• **PROBLEM**:
Nothing but the lines below from the one containing "El comedor, que" through the one containing "Conçu dans le" should appear in the answer, exact and without pictures.

• **RECORDS FOR PROCESSING**:
BEGIN

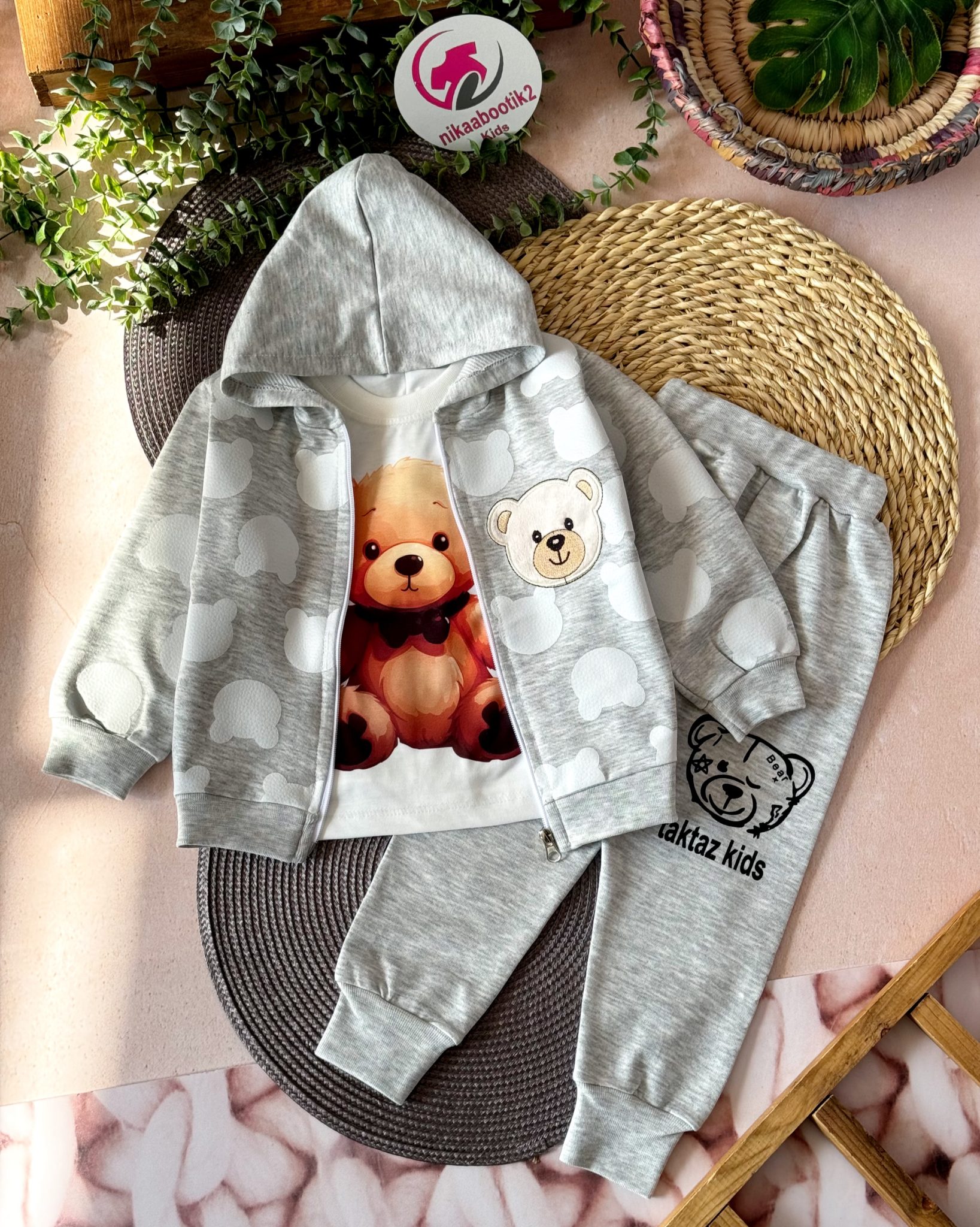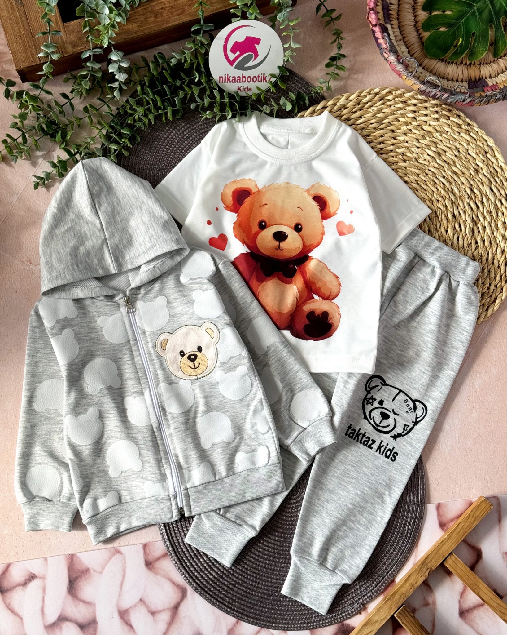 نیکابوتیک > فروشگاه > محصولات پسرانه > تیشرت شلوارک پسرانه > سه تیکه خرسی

END
BEGIN

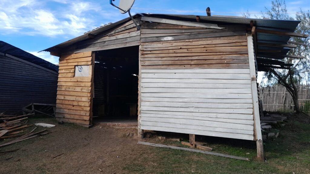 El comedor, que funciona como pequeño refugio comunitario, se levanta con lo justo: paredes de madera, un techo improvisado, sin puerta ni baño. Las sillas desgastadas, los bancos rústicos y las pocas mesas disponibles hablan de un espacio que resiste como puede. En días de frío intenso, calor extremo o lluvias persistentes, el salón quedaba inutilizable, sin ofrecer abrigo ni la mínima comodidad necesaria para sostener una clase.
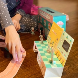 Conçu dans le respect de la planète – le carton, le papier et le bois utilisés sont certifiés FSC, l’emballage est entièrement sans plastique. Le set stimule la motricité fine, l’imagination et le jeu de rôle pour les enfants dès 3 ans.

END

• **TASK RESULT**:
 El comedor, que funciona como pequeño refugio comunitario, se levanta con lo justo: paredes de madera, un techo improvisado, sin puerta ni baño. Las sillas desgastadas, los bancos rústicos y las pocas mesas disponibles hablan de un espacio que resiste como puede. En días de frío intenso, calor extremo o lluvias persistentes, el salón quedaba inutilizable, sin ofrecer abrigo ni la mínima comodidad necesaria para sostener una clase.
 Conçu dans le respect de la planète – le carton, le papier et le bois utilisés sont certifiés FSC, l’emballage est entièrement sans plastique. Le set stimule la motricité fine, l’imagination et le jeu de rôle pour les enfants dès 3 ans.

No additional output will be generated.